The Lessons They Carried Forward
The team came out of the two weeks with more than a smaller bill. They came out with a set of habits they applied to every feature after it.
Measurement Is Not Optional
Their biggest regret was shipping the feature without any token instrumentation in the first place. For three months the cost grew and nobody could say why, because the data did not exist. After this, every new LLM feature shipped with per-component token logging from day one. The cost of instrumentation was trivial next to the cost of flying blind.
Cost and Quality Are Not Always Opposed
Going in, the team assumed cutting cost meant accepting worse answers, and they braced leadership for that trade. The opposite happened. Focused retrieval and a deliberate history summary improved the experience while reducing tokens. The lesson was not that this always happens, but that the trade-off should be measured rather than assumed. Sometimes the cheaper design is also the better one.
Order of Attack Matters
They saved the most by going after the largest consumer first. Had they started with the system prompt, which was already lean, they would have spent effort for little return. Prioritizing by measured size, rather than by what felt wasteful, directed their limited time to where it paid. This prioritization is the spine of Cut Your Token Costs This Afternoon: An Ordered Routine.
Gains Need Guardrails
The final habit was distrust of their own discipline. They knew that without enforcement, the components would creep back. Centralized limits and a monthly review were not bureaucracy; they were the only thing standing between the savings and their slow reversal.
Frequently Asked Questions
Why did the bill grow faster than traffic?
Because two components grew with use rather than staying fixed. Unbounded history got more expensive every turn, and full-document retrieval sent large amounts of text per request. Both compounded as sessions lengthened and traffic rose.
Why start with retrieval instead of history?
Retrieval was the single largest token consumer, so equal effort there returned the most. The team prioritized by measured size, and the breakdown put retrieved articles at the top.
How did quality improve while cost fell?
Focused retrieval removed distracting irrelevant text, helping the model find the right answer, and a deliberate history summary preserved the customer's original problem instead of dropping it. Both changes happened to improve answers while reducing tokens.
Was a staged rollout necessary?
It was prudent. Shipping changes to a fraction of traffic first let the team compare against the baseline and catch a history-summary regression before it reached everyone. Isolating each change made the effects legible.
How did they prevent the savings from reversing?

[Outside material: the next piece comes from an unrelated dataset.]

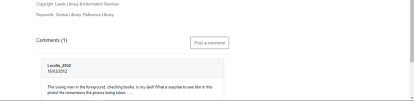Now we get to one of our favourite bits about Leodis, the comments. What takes Leodis from being just a catalogue of photographs and raises it to a social history resource are the 40,000 visitor comments, whether its memories or in the case of the above picture someone’s father, these additions make Leodis a truly fantastic resource.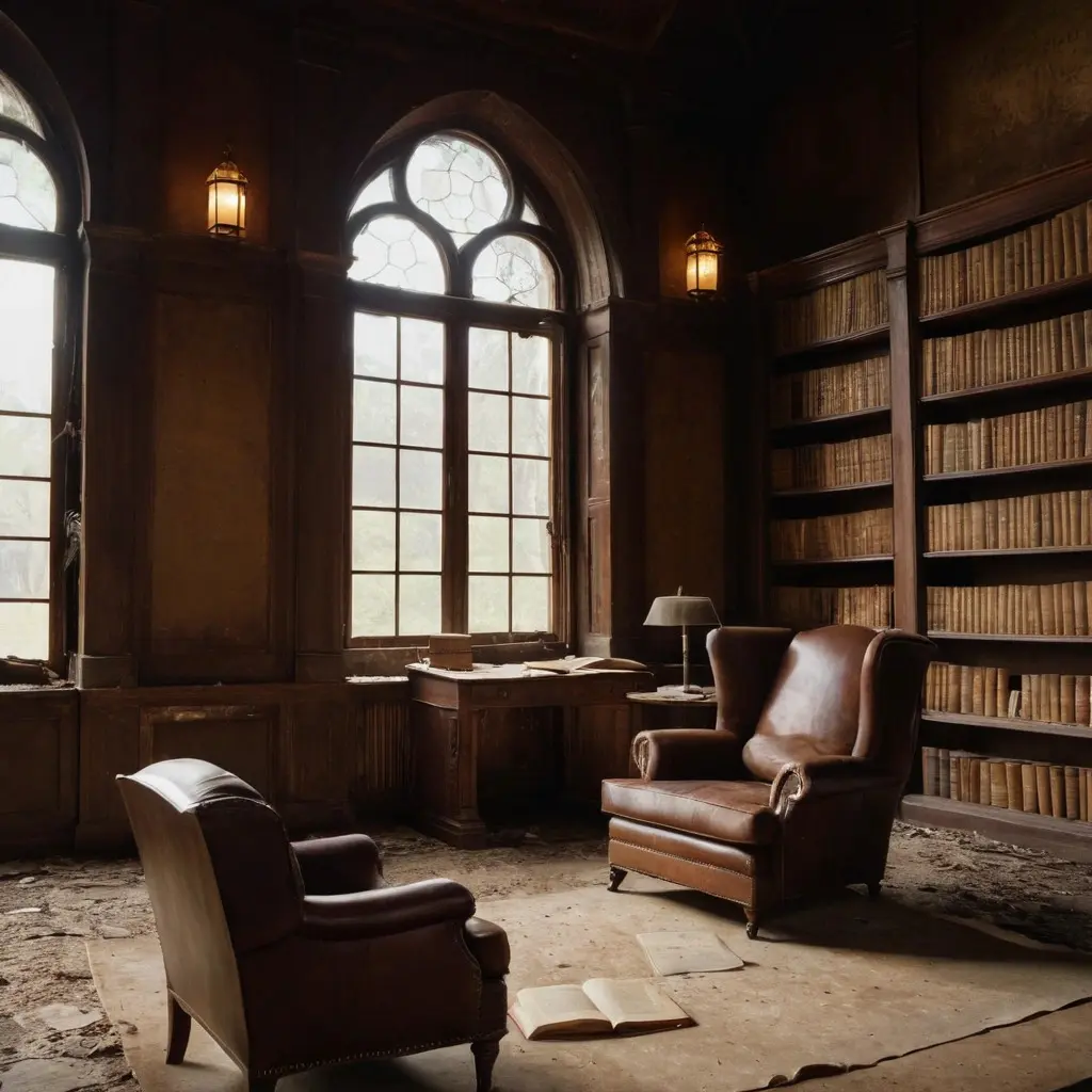 The library of The Whispering Vale might be the most mesmerizing room of all. Rows upon rows of ancient books lean precariously, their pages brittle but still whispering stories to the daring few who open them. A massive fireplace dominates one wall, its mantel carved with strange symbols whose meanings are lost to time.

By centralizing every limit in configuration and instituting a monthly review of token telemetry. Enforcement and regular review keep components from creeping back to their old sizes.
Key Takeaways
- A bill that grows faster than traffic usually points to components that scale with use, like unbounded history and full-document retrieval.
- Instrument prompt assembly to see per-component token usage before deciding what to change.
- Prioritize optimization by measured size, attacking the largest consumer first for the best return.
- Roll out changes in stages and verify quality against a fixed set of real cases at each step.
- Centralize limits and review telemetry regularly so the savings do not erode over time.